Verwiesen wird unter anderem auf den Fall des Fleischverarbeiters Tönnies in Deutschland, wo mittlerweile über 1.300 Neuinfektionen festgestellt wurden. Neue Lockdown-Maßnahmen wurden deshalb zwar noch nicht verfügt, sie könnten aber noch kommen. Denn insgesamt steigt die Infektionsrate in Deutschland wieder. Auch aus anderen Teilen der Welt wird immer wieder von neuen Infektions-Brennpunkten berichtet.
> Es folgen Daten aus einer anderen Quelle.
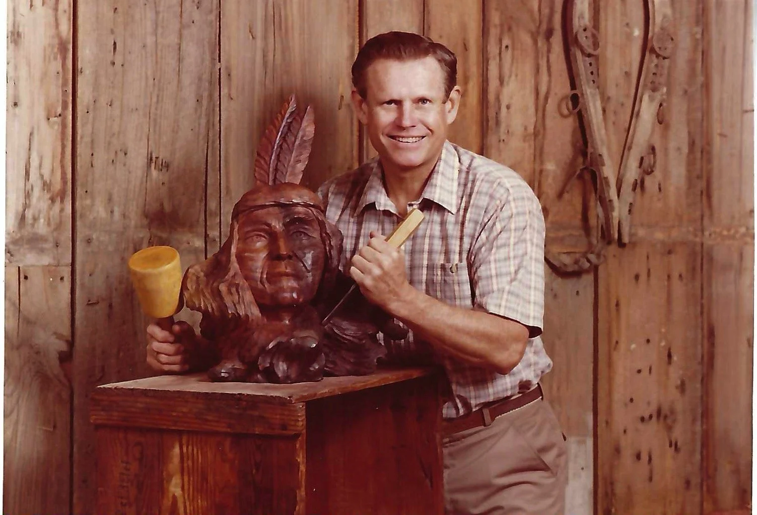 Austin would be home for the next 21 years. Charlie enjoyed his years coaching football and baseball at Travis High School before changing to administration at Porter Jr. High and Crockett High School. It was during this time that Charlie discovered he had a talent for and love of wood sculpture. As he began to see art as a second career, several things happened to further this plan. He inherited an historic family farm in Burleson, TX and was hired as principal of Burleson High School. At age 52, Charlie embarked on the adventure of his life. Now living on a farm and having taken early retirement from the school business, he was free to follow his dream. He sought out the master carvers in Bavaria, England, Canada and the USA. As he studied with them, he was gradually developing his own style, a harmony of wood and artistry.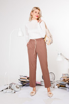 Свободные женские брюки с разрезами и боковыми карманами из плотного гладкого трикотажа интерлок. Низ обработан плоскими швами.

"Entscheidend ist und bleibt die Frage, ob und in welchem Umfang es bei einer zweiten Infektionswelle zu erneuten Lockdowns kommt", sagt Martin Utschneider vom Bankhaus Donner & Reuschel. Als etwas stimmungsbelastend stufen die Marktstrategen der Helaba auch ein, dass die Beratungen der EU-Staats- und Regierungschefs über den milliardenschweren Wiederaufbaufonds am Freitag ohne Ergebnis zu Ende gegangenen sind. Der Euro zeigt sich davon aktuell aber nicht mehr belastet - im Gegentgeil, er erholt sich leicht.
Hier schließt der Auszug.